In-Hospital Mortality Among Critically Ill Patients With Atrial Fibrillation (AF) Versus Patients Without AF

Tooba Mehreen 1, Wasib Ishtiaq 2, Ghulam Rasheed 3, Nusrat Kharadi 4, Sara S Kiani 5, Anum Ilyas 4, Muhammad Ahmed Kaleem 6, Kiran Abbas 7,
Editors: Alexander Muacevic, John R Adler
PMCID: PMC8592307  PMID: 34804645

Abstract

Introduction

Atrial fibrillation (AF) is one of the most frequent arrhythmias observed in the intensive care unit (ICU). The present study assessed AF as an independent risk factor for mortality among patients in the ICU setting.

Methodology

A prospective cohort study was conducted at the medical ICU in a tertiary academic medical center from September 2020 to January 2021. All critically ill patients, irrespective of gender, who were admitted for at least two days in the ICU were eligible to partake in the study. Individuals in the cardiovascular surgical ICU and the trauma ICU were not eligible. Demographics, clinical history, the occurrence of AF, fluid input and output, echocardiography, drug history, and hospital mortality were recorded during the first week of admission. Patients were divided into two groups.

Results

Patients with AF had significantly higher in-hospital mortality, 27 (73%), and longer hospital stays (11.61 ± 7.01) as compared to patients who did not suffer from AF (p<0.0001). The mean length of stay in ICU was 10.32 ± 5.92 and the duration of mechanical ventilation was 7.05 ± 6.16 days in the AF group which was significantly higher than patients who did not have AF (p<0.0001). No significant difference was found in mortality rate between new-onset and recurrent AF among the patients; albeit the latter was higher (60% vs 81.8%, p=0.142).

Conclusion

The present study indicated that AF was a predictor of mortality hence, associated with poor patient prognosis. The occurrence of AF was associated with high in-hospital mortality and longer hospital stay. Further large-scale studies should be conducted to explore other socio-demographic and clinical risk factors.

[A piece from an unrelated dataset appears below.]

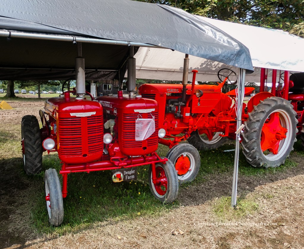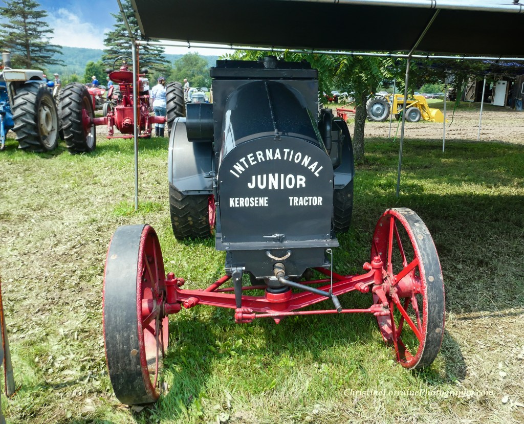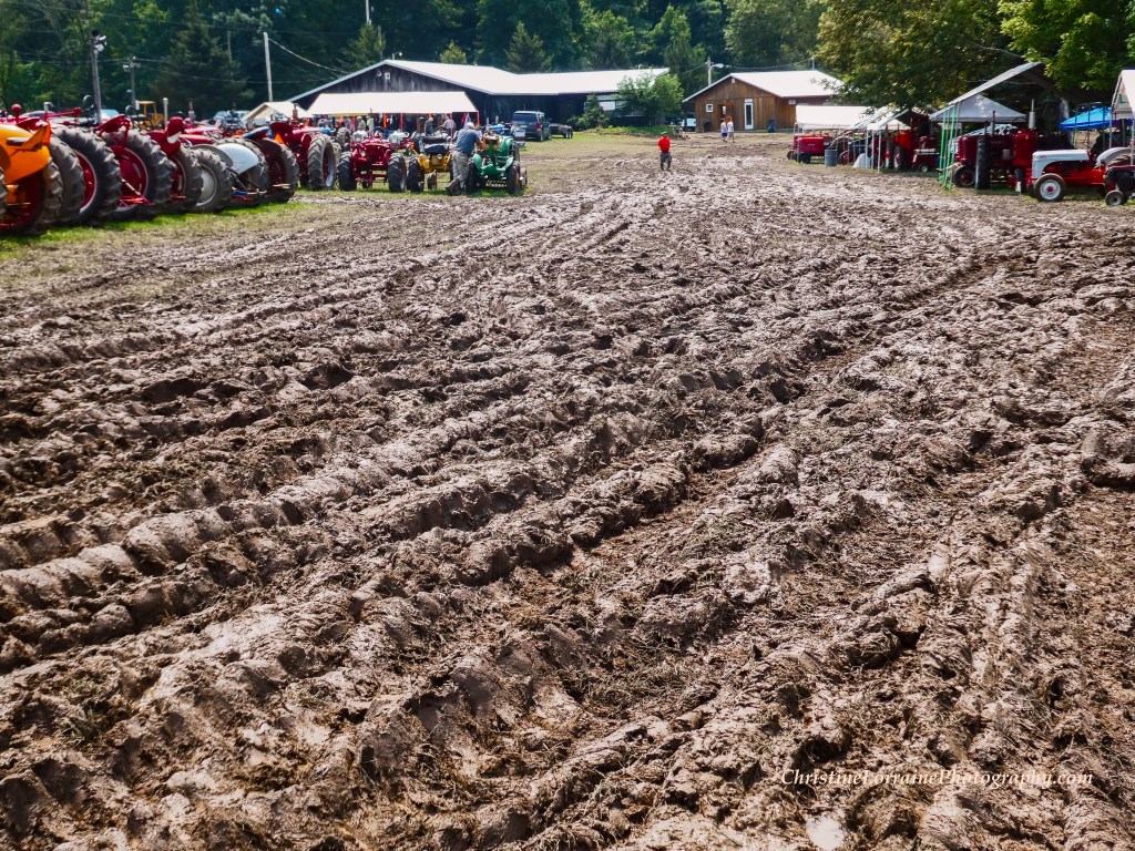 Everybody’s lined up and ready to go!Eye-catching fire-engine red, literallyColorful collection of engines and other assorted interesting stuffThe show itself was great, the mudfest was just an added bonus. Tractors of all colors, ages and styles were on display and in use.The announcer did a fine job of keeping everyone informedThe food was amazingly delicious! There’s something about traipsing around in the mud that embellishes a good lunch eaten at a picnic table.What a wonderful thing to offer!What a find! Double your pleasure, double your tractor with pizzazzA personal favorite, this cute little building is filled with cool antiques and artifacts of which you can catch a quick glimpse in the video posted below the photos.A row of powerful machinesFord tractors and New York engines were featured at this year’s show.Some of these grinders date back to the 1800s.This interesting piece has a comfortable looking seat as well as everything else.The weather cleared up by Sunday the 18th, which is the day we took these photos and video.

Keywords: prognosis, in-hospital mortality, intensive care unit, afib, atrial fibrillation, arrhythmia

Introduction

Atrial fibrillation (AF) is one of the most frequent arrhythmias observed in the intensive care unit (ICU) [1]. Some studies suggest that its incidence in non-cardiac ICUs is as high as 25% [2]. Although pre-existing AF is highly prevalent in the elderly population with multiple comorbidities who have numerous risk factors for admission to intensive care; new-onset AF, on the other hand, can be set off due to substantial structural changes and arrhythmia-associated risk factors faced during stages of critical illness. New-onset AF is defined as the presence of AF among patients who had no previous history of AF in contrast to those with a positive history of AF, i.e., recurrent AF. The mechanisms involved might include inflammation and ischemia, fluid overload, electrolyte imbalance, adrenergic overstimulation, and use of vasopressors and inotropes in critical illness, which not only reduce the efficacy of treatments but also lead to early relapses [3].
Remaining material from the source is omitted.